I solved a distributed queue problem after 15 years

36 pointsposted 5 days ago
by jedberg

19 Comments

na4ma4

2 days ago

The article is interesting, but what does the title have to do with it ?

> What we really needed to make distributed task queueing robust are durable queues ...

> Durable queues were rare when I was at Reddit, but they’re more and more popular now.

It sounds like the answer was known at the time but there wasn't the resources to solve it ?

jedberg

2 days ago

Back then, you couldn't build a performant queue in a database without a huge number of resources, both hardware wise and people wise. That's why only huge enterprises were using them then.

Only recently (last decade or so), has the performance of an open source database on modest hardware caught up to the alternatives.

belZaah

2 days ago

I was architecture team lead at Skype 2005-2011 and persistent queues were the only ones around. Basically, because they knew how to scale databases, our DBA team (Hannu Krosing comes to mind) built queues into and on top of Postgres. It happened not just at Skype, too: eBay guys (Dan Prichett in particular) had built a very cool Oracle-based queue solution. Scaling persistent queues seems to be something that needs to be reinvented periodically. Maybe it’s too nuanced of a problem?

jedberg

2 days ago

I actually worked on security for Skype in 2005/2006. And I knew Dan at eBay too.
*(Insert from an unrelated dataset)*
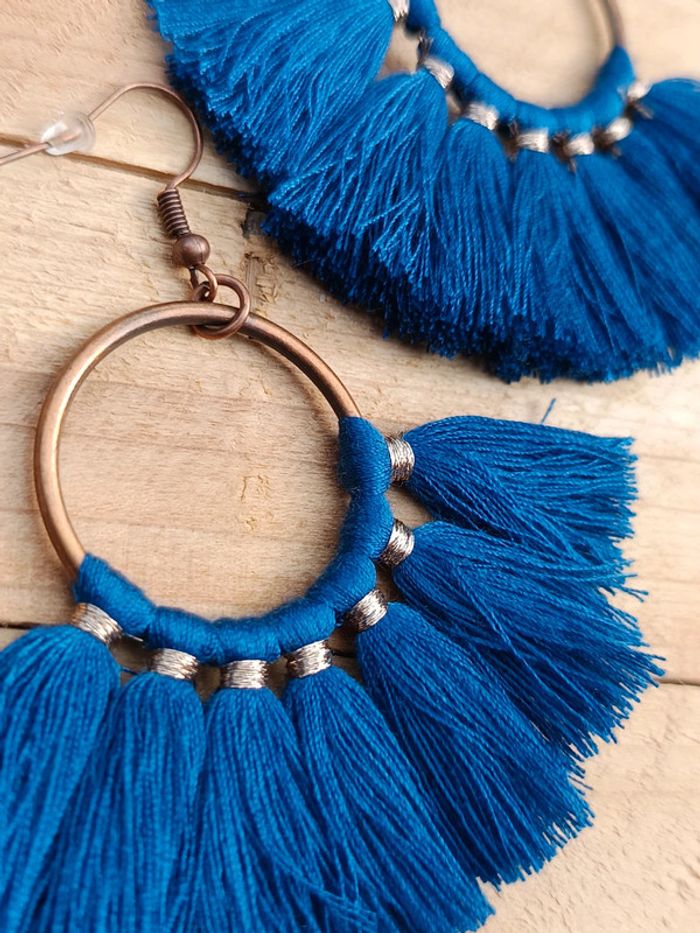 Boucles d’oreilles bohèmes Jolies boucles d’oreilles style bohème en fil bleu roi et anneau cuivre. Très légères et pleines de charme, parfaites pour l’été ! Envoi rapide et soigné. 📦 #bijoubohème

Using databases for queues isn't a new idea, but a couple things make it different now. One is that I think this is the first time a solution has been open-sourced (not 100% sure on that).

And two, Postgres added SKIP LOCKED in 9.5 (around 2016), which was the performance unlock to make this work without needing a whole DBA team like Skype had.

fmajid

a day ago

Skytools/PgQ was amazing technology that made clever use of Postgres MVCC to provide a high performance transactional message queue. But yes, it was not low-touch to administer.

arthurcolle

2 days ago

is this referring to Dan Tarman?

sshine

11 hours ago

GP wrote Dan Prichett.

BSVogler

2 days ago

This article resonated with my experience building what was essentially a distributed task queue using Redis+PostgreSQL with Python workers in Kubernetes. It seems like these systems naturally evolve different patterns based on their specific use cases. The logic of our queue was intertwined with a rule engine. I wrote about building a rule engine here [1]. Another difference to this article is that it did not report back to the client as the events were delivered via web hooks.

There are some different approaches here and there which come from making it application specific, e.g. we added a periodic reconciliation check. I also built a debouncer into the queue to give special treatment to burst in the load.

[1] https://blog.benediktsvogler.com/blog/building-a-distributed...

asplake

2 days ago

I know from firsthand experience that there were investment banks doing this at least as early as the mid 1990s - on top of Sybase in the particular case I have in mind. Perhaps not the best performance, but it was trivially easy to inspect, and you could integrate with other database features, for example stored procedures.

fmajid

a day ago

Back when I worked for France Telecom circa 1996–99, Sybase Replication Server was the fastest message queue we tested for transporting billing events, by a wide margin, in a way that predated Postgres logical replication by 3 decades.

noident

2 days ago

Hi, OP. Any thoughts on why to prefer using your OLTP for queueing as opposed to Kafka? In my mind it would be a drop in ease of observability (though there is still KSQL and a number of UI wrappers) in exchange for much better performance. I'm interested if you had other reasons.

KraftyOne

a day ago

Observability is a big advantage, another advantage (in the context of DBOS specifically) is integration with durable workflows, so you can write a large workflow that enqueues and manages many smaller tasks.

redditor98654

2 days ago

From what I recall, Reddit uses AWS extensively. Could they not have replaced RabbitMQ with SQS? You get the near unlimited horizontal scalability, extremely good uptime, guaranteed at least once message delivery and for the case of a worker crash, the messages will become visible again after the visibility timeout (since they wouldn’t have been deleted by the worker).

jedberg

2 days ago

SQS could not handle the volume or latency requirements we had, and it was too expensive compared to running it ourselves at the time.

4ndrewl

2 days ago

I think there is a hard limit on the number of in-flight requests (that is items that have been dequeued by a worker, but whose job has not been completed). I wouldn't be surprised if Reddit hit those sorts of volumes.

_1tan

10 hours ago

We're a MySQL/Hibernate shop. Anything similar possible with that stack?

yencabulator

a day ago

Utterly content-free marketing blogspam.